◆ Activity ◆
Repeat exactly, and nothing more, the lines from the one that includes "为深化支部党员对党的百年奋斗" through the final line of the entries; skip the pictures.

(Dataset records)

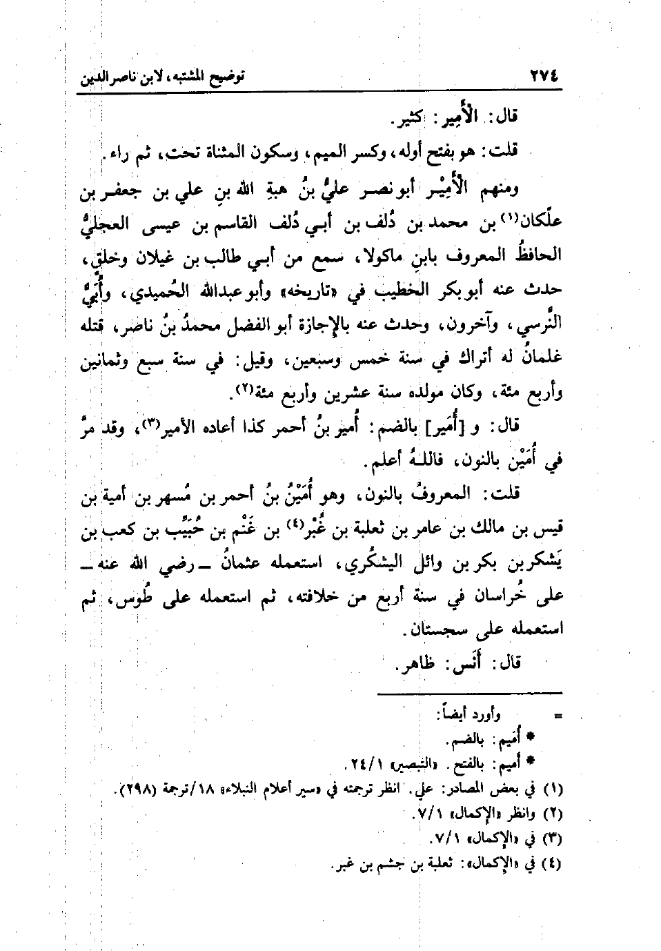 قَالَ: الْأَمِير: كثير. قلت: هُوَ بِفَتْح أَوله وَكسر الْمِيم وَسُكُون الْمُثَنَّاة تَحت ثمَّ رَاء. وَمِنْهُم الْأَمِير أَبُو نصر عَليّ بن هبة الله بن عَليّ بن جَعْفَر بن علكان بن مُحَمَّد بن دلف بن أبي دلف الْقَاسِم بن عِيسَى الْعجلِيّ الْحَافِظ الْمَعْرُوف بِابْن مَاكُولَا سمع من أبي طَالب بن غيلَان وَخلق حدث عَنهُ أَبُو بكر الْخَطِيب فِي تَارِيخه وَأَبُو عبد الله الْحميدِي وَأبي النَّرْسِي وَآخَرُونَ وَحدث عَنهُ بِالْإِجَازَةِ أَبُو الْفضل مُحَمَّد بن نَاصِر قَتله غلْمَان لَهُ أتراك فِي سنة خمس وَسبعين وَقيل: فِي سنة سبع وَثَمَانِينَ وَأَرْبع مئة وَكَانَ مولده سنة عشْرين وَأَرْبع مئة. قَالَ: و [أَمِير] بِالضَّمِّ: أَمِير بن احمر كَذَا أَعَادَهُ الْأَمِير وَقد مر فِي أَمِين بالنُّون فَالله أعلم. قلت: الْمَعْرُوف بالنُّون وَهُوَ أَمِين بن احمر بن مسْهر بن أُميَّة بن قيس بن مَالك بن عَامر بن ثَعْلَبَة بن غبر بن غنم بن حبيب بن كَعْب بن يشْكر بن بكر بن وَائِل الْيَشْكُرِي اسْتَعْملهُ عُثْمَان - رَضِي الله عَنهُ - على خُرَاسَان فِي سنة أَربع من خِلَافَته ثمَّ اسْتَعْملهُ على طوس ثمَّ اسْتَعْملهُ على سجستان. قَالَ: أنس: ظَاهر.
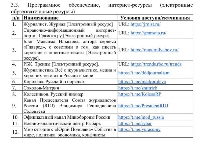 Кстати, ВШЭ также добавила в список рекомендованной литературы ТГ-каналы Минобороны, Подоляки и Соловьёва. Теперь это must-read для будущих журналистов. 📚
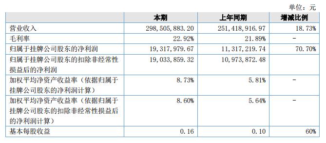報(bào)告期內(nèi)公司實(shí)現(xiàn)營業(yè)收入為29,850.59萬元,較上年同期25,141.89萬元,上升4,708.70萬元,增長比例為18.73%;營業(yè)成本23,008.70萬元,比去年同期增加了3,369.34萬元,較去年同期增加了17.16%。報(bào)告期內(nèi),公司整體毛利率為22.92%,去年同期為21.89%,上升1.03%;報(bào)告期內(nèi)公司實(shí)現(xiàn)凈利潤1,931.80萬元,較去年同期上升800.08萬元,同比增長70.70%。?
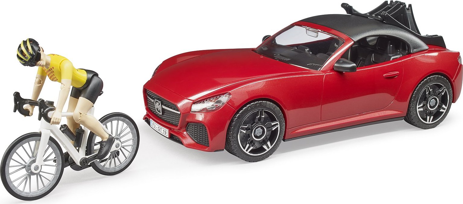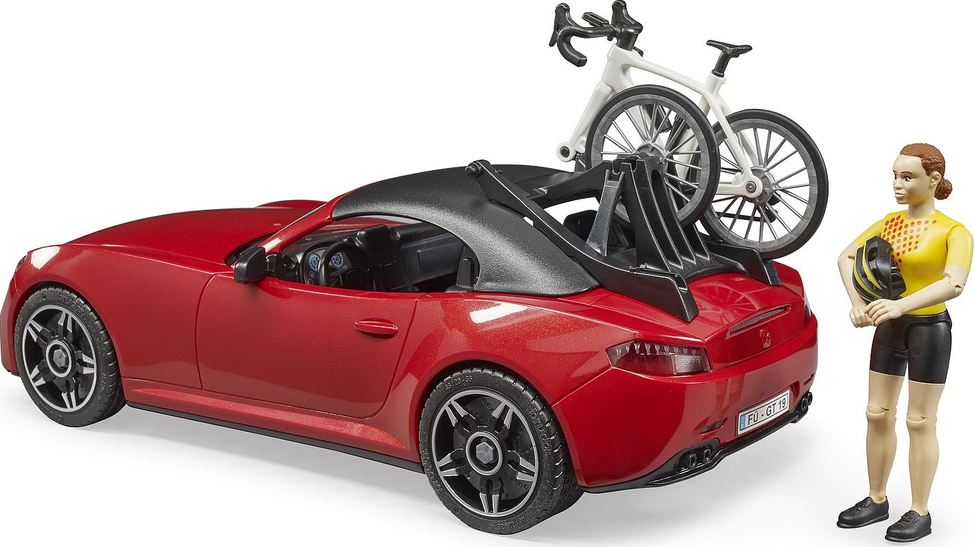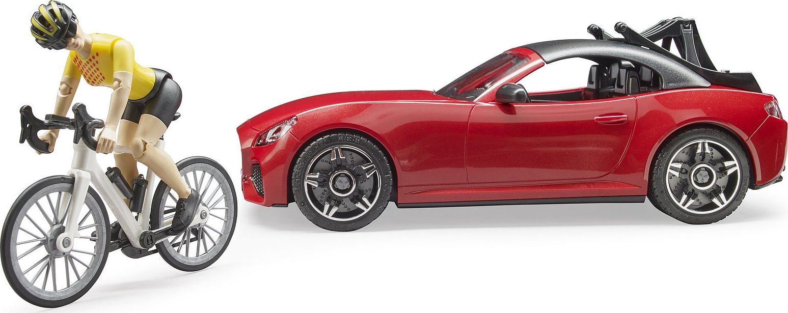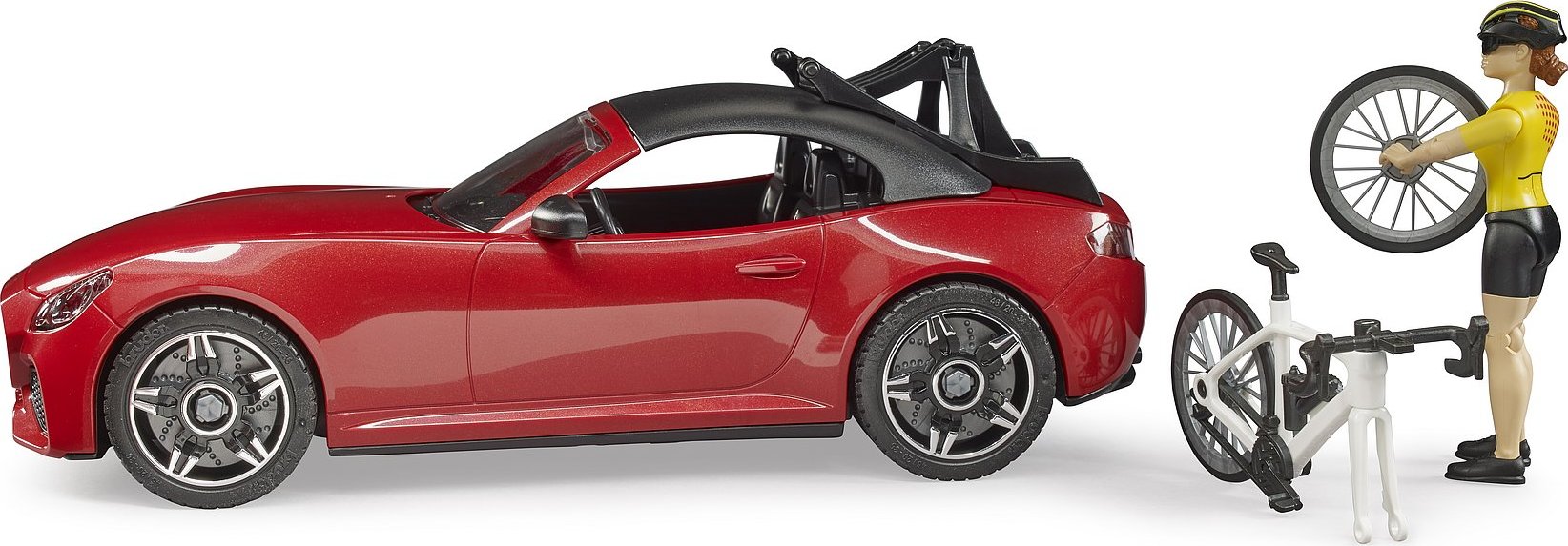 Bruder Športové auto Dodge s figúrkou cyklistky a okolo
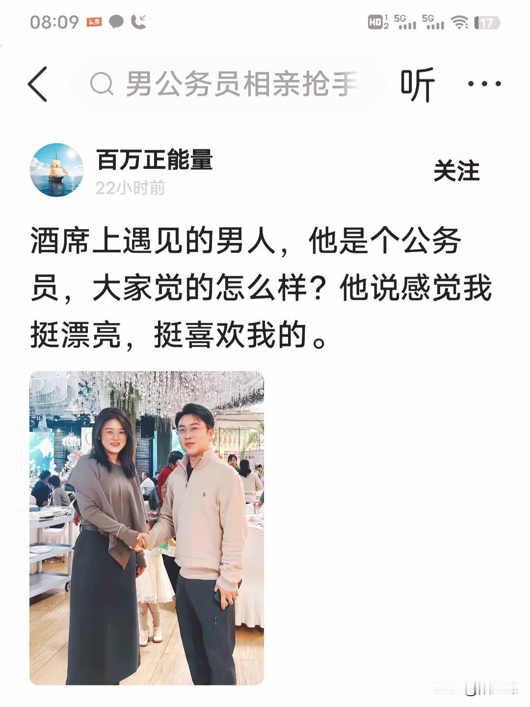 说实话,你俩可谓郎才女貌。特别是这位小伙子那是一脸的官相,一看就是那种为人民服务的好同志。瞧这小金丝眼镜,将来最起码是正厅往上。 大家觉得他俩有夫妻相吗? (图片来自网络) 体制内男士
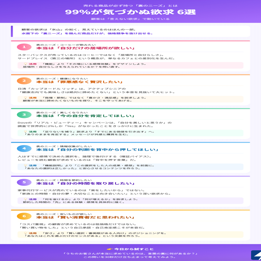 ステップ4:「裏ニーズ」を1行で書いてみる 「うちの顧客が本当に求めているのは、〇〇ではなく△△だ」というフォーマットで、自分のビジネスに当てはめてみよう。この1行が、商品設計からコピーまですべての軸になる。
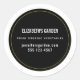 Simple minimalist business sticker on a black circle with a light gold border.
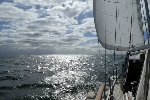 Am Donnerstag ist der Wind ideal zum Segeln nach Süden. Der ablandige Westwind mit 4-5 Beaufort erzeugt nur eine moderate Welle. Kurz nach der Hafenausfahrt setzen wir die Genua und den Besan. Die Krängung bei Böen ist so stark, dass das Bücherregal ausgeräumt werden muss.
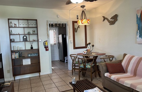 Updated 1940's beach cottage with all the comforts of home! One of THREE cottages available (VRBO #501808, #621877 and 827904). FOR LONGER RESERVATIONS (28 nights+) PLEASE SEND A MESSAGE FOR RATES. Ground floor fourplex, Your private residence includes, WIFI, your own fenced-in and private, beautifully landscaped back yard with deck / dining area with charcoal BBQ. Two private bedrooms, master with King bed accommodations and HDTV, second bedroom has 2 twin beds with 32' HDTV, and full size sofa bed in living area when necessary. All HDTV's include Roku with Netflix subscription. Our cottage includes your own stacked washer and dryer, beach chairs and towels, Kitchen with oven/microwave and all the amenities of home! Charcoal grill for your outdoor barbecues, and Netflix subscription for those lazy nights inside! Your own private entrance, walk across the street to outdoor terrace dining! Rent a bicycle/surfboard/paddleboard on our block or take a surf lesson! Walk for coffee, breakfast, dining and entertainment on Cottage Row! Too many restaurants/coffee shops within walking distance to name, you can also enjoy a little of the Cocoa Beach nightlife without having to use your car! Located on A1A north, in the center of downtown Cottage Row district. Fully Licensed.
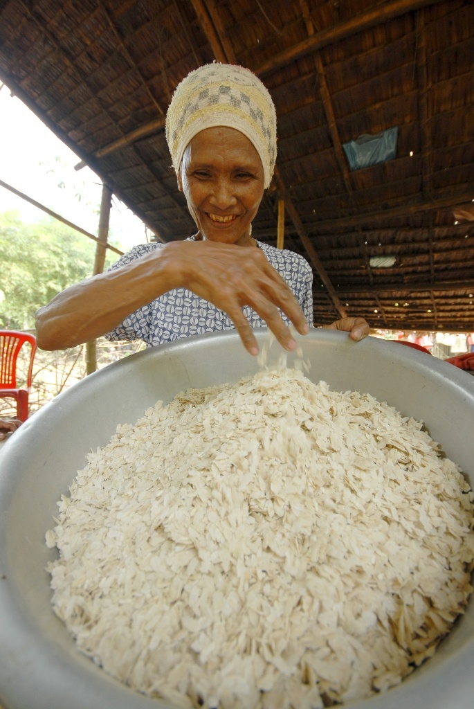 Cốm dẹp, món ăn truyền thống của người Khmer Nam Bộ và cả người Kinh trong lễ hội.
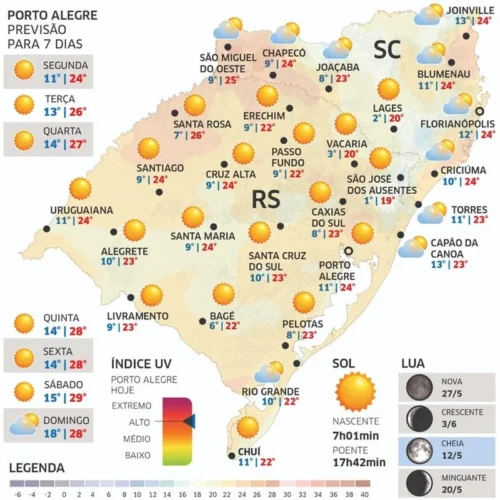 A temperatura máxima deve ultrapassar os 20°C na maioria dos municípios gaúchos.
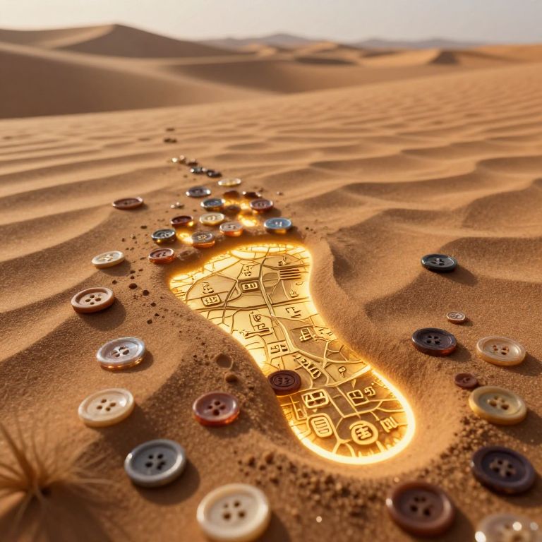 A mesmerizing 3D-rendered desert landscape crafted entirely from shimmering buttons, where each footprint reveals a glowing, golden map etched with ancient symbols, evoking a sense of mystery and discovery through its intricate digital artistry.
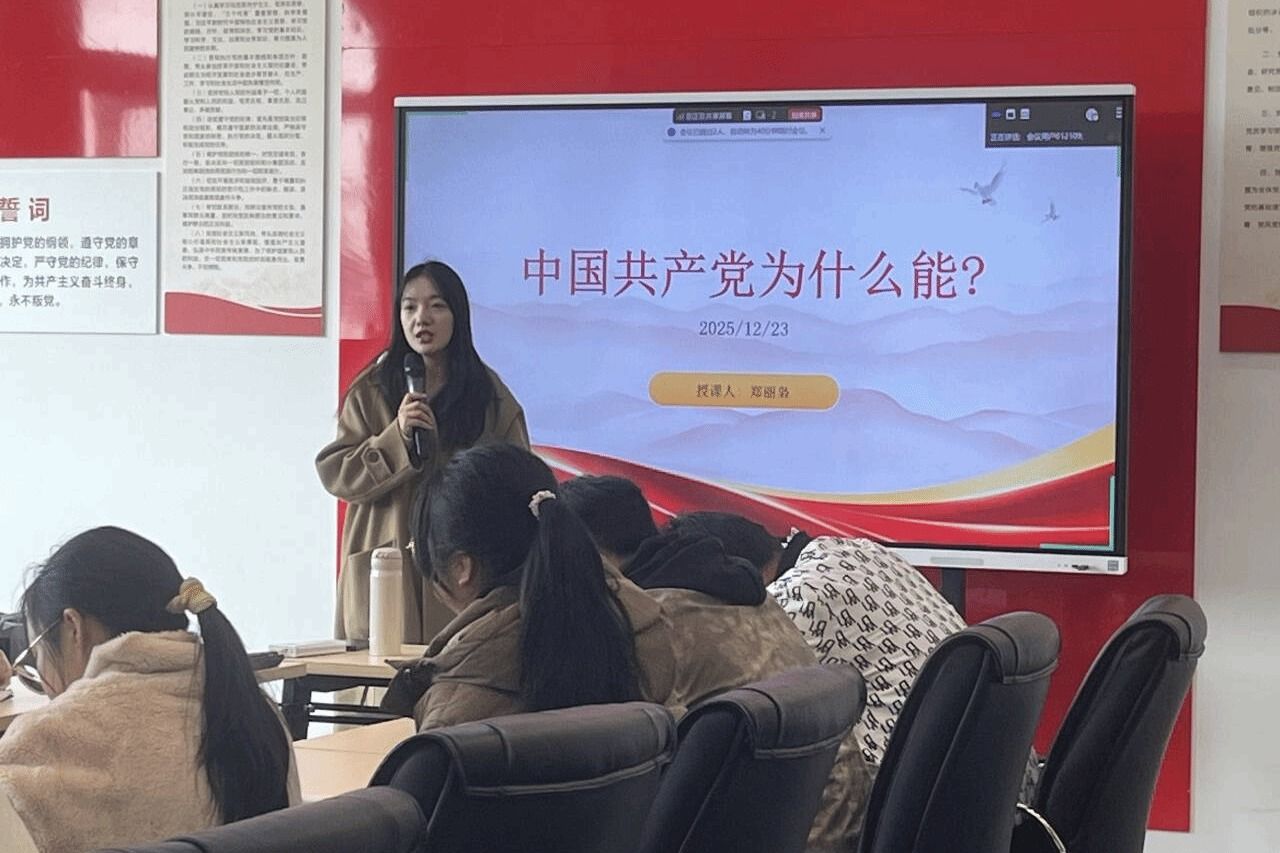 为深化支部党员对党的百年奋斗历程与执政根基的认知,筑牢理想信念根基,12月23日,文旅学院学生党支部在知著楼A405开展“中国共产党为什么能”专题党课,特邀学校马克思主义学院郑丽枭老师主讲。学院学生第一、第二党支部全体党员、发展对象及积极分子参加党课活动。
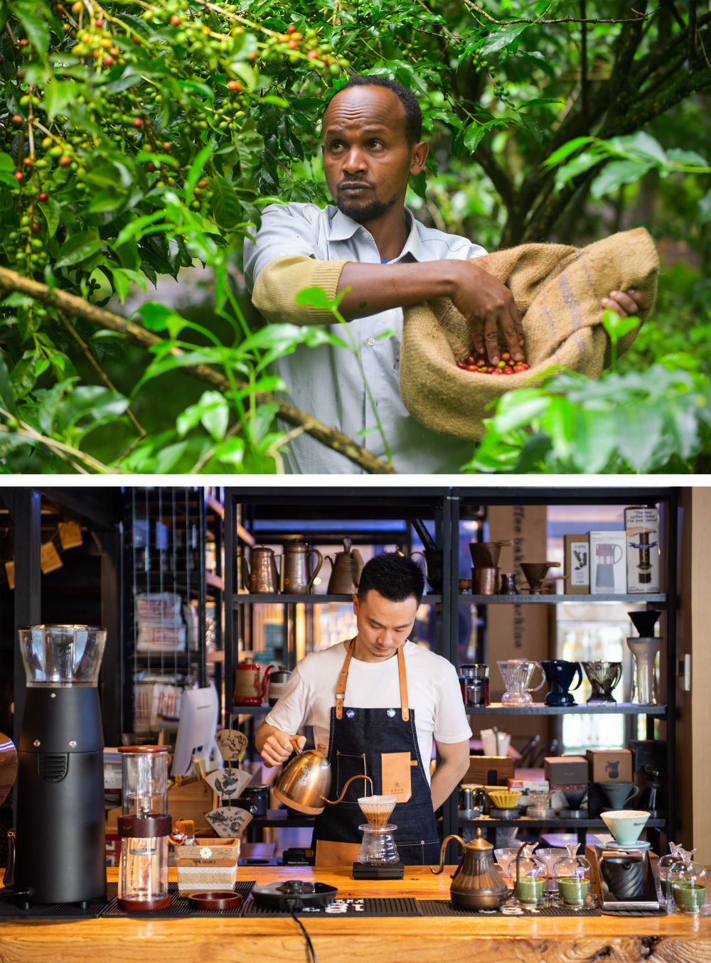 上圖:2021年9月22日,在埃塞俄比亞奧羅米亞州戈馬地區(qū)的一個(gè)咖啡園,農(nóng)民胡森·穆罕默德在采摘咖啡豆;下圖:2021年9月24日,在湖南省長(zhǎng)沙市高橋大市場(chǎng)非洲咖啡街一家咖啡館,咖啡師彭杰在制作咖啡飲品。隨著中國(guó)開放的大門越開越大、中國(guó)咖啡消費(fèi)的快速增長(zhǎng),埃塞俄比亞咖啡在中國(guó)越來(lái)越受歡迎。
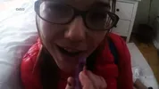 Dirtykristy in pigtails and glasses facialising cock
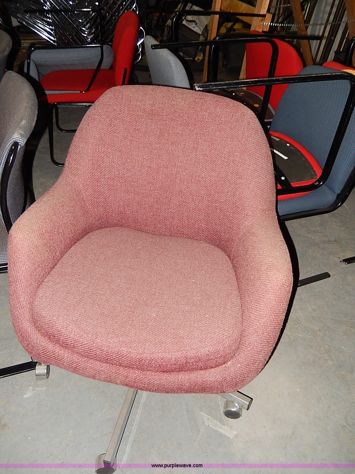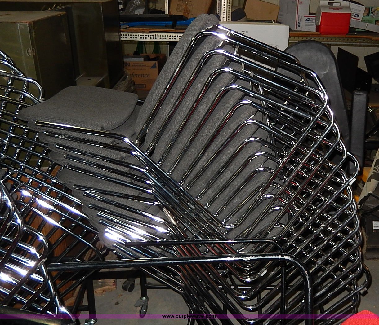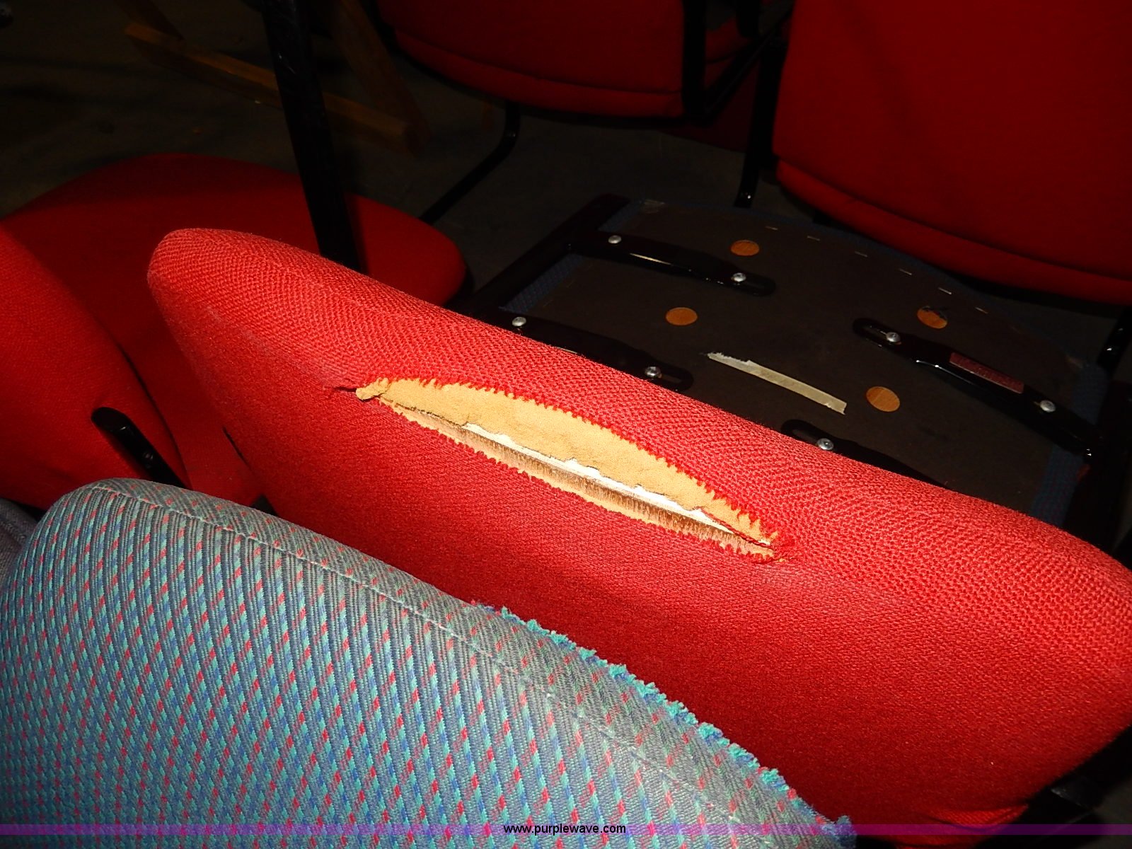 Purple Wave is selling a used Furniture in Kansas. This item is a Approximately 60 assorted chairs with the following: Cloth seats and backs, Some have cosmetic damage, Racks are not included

◆ Exercise answer ◆
 为深化支部党员对党的百年奋斗历程与执政根基的认知,筑牢理想信念根基,12月23日,文旅学院学生党支部在知著楼A405开展“中国共产党为什么能”专题党课,特邀学校马克思主义学院郑丽枭老师主讲。学院学生第一、第二党支部全体党员、发展对象及积极分子参加党课活动。
 上圖:2021年9月22日,在埃塞俄比亞奧羅米亞州戈馬地區(qū)的一個(gè)咖啡園,農(nóng)民胡森·穆罕默德在采摘咖啡豆;下圖:2021年9月24日,在湖南省長(zhǎng)沙市高橋大市場(chǎng)非洲咖啡街一家咖啡館,咖啡師彭杰在制作咖啡飲品。隨著中國(guó)開放的大門越開越大、中國(guó)咖啡消費(fèi)的快速增長(zhǎng),埃塞俄比亞咖啡在中國(guó)越來(lái)越受歡迎。
 Dirtykristy in pigtails and glasses facialising cock
 Purple Wave is selling a used Furniture in Kansas. This item is a Approximately 60 assorted chairs with the following: Cloth seats and backs, Some have cosmetic damage, Racks are not included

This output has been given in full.